Exercise details - Print the lines that start the entries and continue through the one holding "截至5月20日,在经历了连续", please, exactly and with the pictures omitted.

Supplied entries -
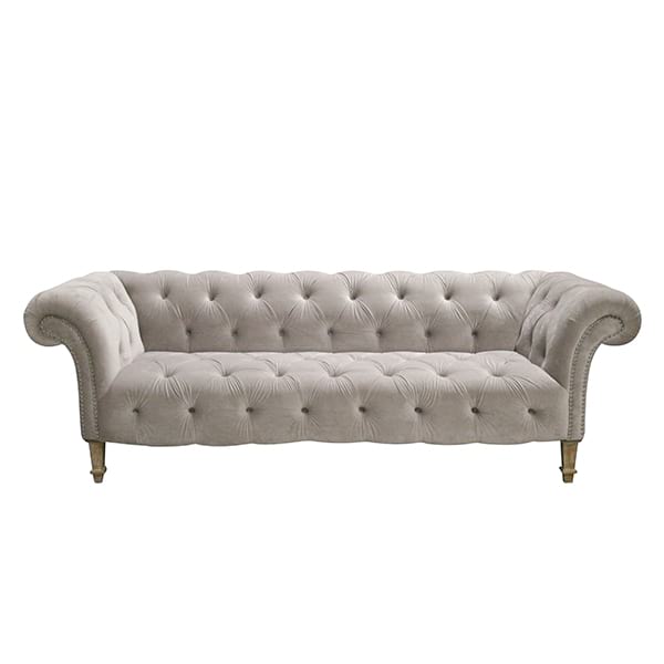 Chesterfield style sofa with rolled arms in a muted lavender/gray velvet upholstery.
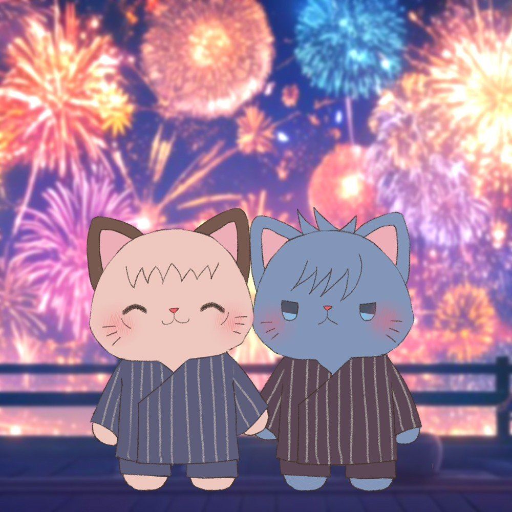 ゆじめぐにゃんは花火一発目の音に驚いて虎伏に飛びつきそう〜……かわいいねぇ🐱🐾
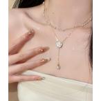 ネックレス 2連 フラワー パール ラリエット ネックレス レディース
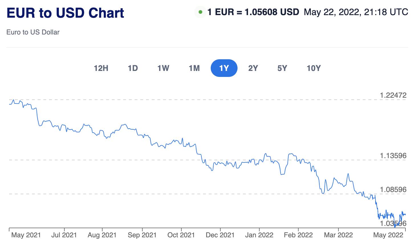 截至5月20日,在经历了连续一年的跌势之后,欧元兑美元汇率进一步跌至1欧元兑1.05美元。5月18日的汇率最低时一度达到1.035。
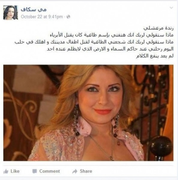 وجهت الفنانة السورية المعارضة مي سكاف رسالة قاسية عبر صفحتها الخاصة على موقع "فيس بوك"، للراحلة رندة مرعشلي. قالت فيها: " رندة مرعشلي.. ماذا ستقولي لربك انك هتفتي بإسم طاغية كان يقتل الأبرياء؟.. ماذا ستقولي لربك انك شجعتي الطاغية لقتل اطفال مدينتك واهلك في حلب؟.. اليوم رحلتي عند حاكم السماء والارض الذي لا يظلم عنده احد.. لم يعد ينفع الكلام".

Solution to the exercise -
 Chesterfield style sofa with rolled arms in a muted lavender/gray velvet upholstery.
 ゆじめぐにゃんは花火一発目の音に驚いて虎伏に飛びつきそう〜……かわいいねぇ🐱🐾
 ネックレス 2連 フラワー パール ラリエット ネックレス レディース
 截至5月20日,在经历了连续一年的跌势之后,欧元兑美元汇率进一步跌至1欧元兑1.05美元。5月18日的汇率最低时一度达到1.035。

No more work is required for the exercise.